Потом забегает мама. Приносит еды, радуется, что я ожила. После ее ухода созваниваюсь с папой. Мы долго разговариваем. Он рассматривает меня. Подмечает как я похудела.

— Эта болезнь здорово тебя потрепала, — выдает заключение.

— Да уж. Знаешь, ощущения то примерно такие же, как и мой видок, — с улыбкой отвечаю.

Потом я долго копаюсь в телефоне от нечего делать. Уснуть бы, да не спится. Кажется, я выспалась на сто лет вперед. Мое безделье прерывает стук в дверь. Кого там принесло в такое время? Посмотрела на часы, через полчаса закончится время посещений.

— Входите, — произношу, потому что постучать постучали, а войти не торопятся. А может меня приглючило уже?

— Привет, — дверь открывается и на пороге появляется Ермолаев.

Я тут же подхватываю одеяло и натягиваю его до носа.

— Привет, — говорю настороженно. — Зачем пришел?

— Я пришел узнать, как у тебя дела, — осторожно улыбается и подходит к стулу, садится. — Твоя мама сказала, что ты пришла в себя и идешь на поправку.

Так, мама все слила вот этому? С каких пор она стала такой болтливой?

— Да, стало гораздо лучше, — отвечаю, а сама даже смотреть на него боюсь.

— В субботу…

— Давай не будем говорить о субботе? — прошу его.

— Нет. Я должен сказать. Это было жестоко то, что придумали ребята. Серега по глупости повелся на поводу у Катьки. В общем никто и слова не скажет.

— Спасибо. Не стоило. Лучше расскажи, как там Федор Иванович, — перевожу тему.

Мне действительно интересно как он там. И справляется ли Лев.

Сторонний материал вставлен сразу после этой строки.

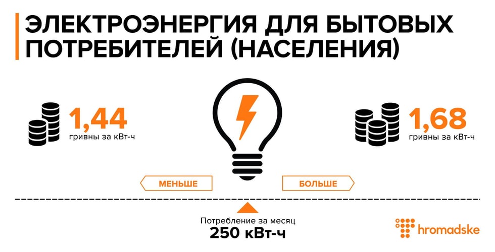 Поэтому с октября украинцы, которые потребили менее 250 кВт-ч, будут платить 1,44 грн за кВт-час. А вот если «намотали» больше — цена так и останется на уровне 1,68 грн.
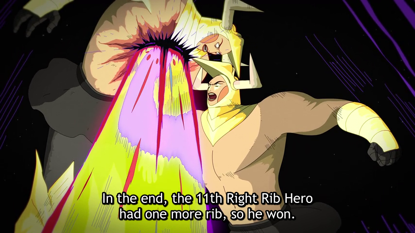 So he tries a hero’s rib, thinking that at least he’d get to feel heroines hugging him. Unfortunately, when the hero rejects the heroine, he confesses, freaking everyone out. The hero tries to rip him out, except he got the wrong rib, and the rejected rib turns into a hero of his own, battles, and wins… so the other ribs do likewise in a destructive 24-way battle royale.

— Все нормально, — пожимает плечами. — Во вторник все ему закупил. Зажигалку новую ему купил, а то он спичками колдует всякий раз, когда нужно зажечь конфорку. Вчера передвигали диван. Дед завелся, — усмехается. — Нужно будет со шторами разобраться. Показал ему приложение одно. Он там шторы заказал. Без тебя не справимся. Я честно, запутался в этой ткани.

— Здорово, — оживаю. И будто стеснение куда-то пропадает. Ведь может он быть нормальным. Но все равно, отголоски той ужасной субботы я все еще ощущаю. Кажется, что этот позор я никогда не смогу забыть.

В понедельник с самого утра меня выписывают. Сергей на работе, поэтому он забрать меня не может. Мама отзвонилась, сказала, что они с Тимохой едут на такси. Скоро будут. Вот я и сижу в коридоре с сумкой.

— Ну и чего раньше времени с палаты убежала? — напротив меня останавливается врач.

Петр Сергеевич.

Поднимаю взгляд, оторвавшись от экрана телефона.

— Чтобы место не занимать, — пожимаю плечами, смотря в улыбчивое лицо доктора.

— Глупости, — отмахивается. — Ты давай, береги себя. И чтобы больше у нас тебя не видел, — подмигивает и направляется к сестринскому посту.

Мне и самой сюда больше не хочется. Да и не хотелось.

Мужчине лет сорок, не больше. И его очень любит женский коллектив. Это заметно.

В руке оживает телефон. Взглядом цепляюсь за уведомление из вк. Открываю приложение, захожу в сообщения. Ермолаев.

Эти несколько дней мы переписывались с ним в соц.сети. Он пишет мне как известной ему Тихоне. А мне начинает нравится это общение. Мне проще оставаться для него не Тихоновой, которую он знает, как новенькую. А именно Тихоней. Тут я могу быть самой собой и не стеснятся. А в его обществе мне неуютно.

“Привет”.

“Привет” — отвечаю.

За эти несколько дней мы разговаривали на разные темы. Не знаю, что толкнуло его писать мне. Он спрашивал, как меня зовут. Но я так и не призналась. Он порассказывал про своего пса Ричи. О том, что любит скейт, да и вообще спорт. Не любит школу. На это я лишь хмыкнула. А еще он оказывается мечтает стать врачом. Но отец его настаивает на юридическом. Поэтому ему приходится поднажать именно на историю с обществом, вместо биологии, которую он любит.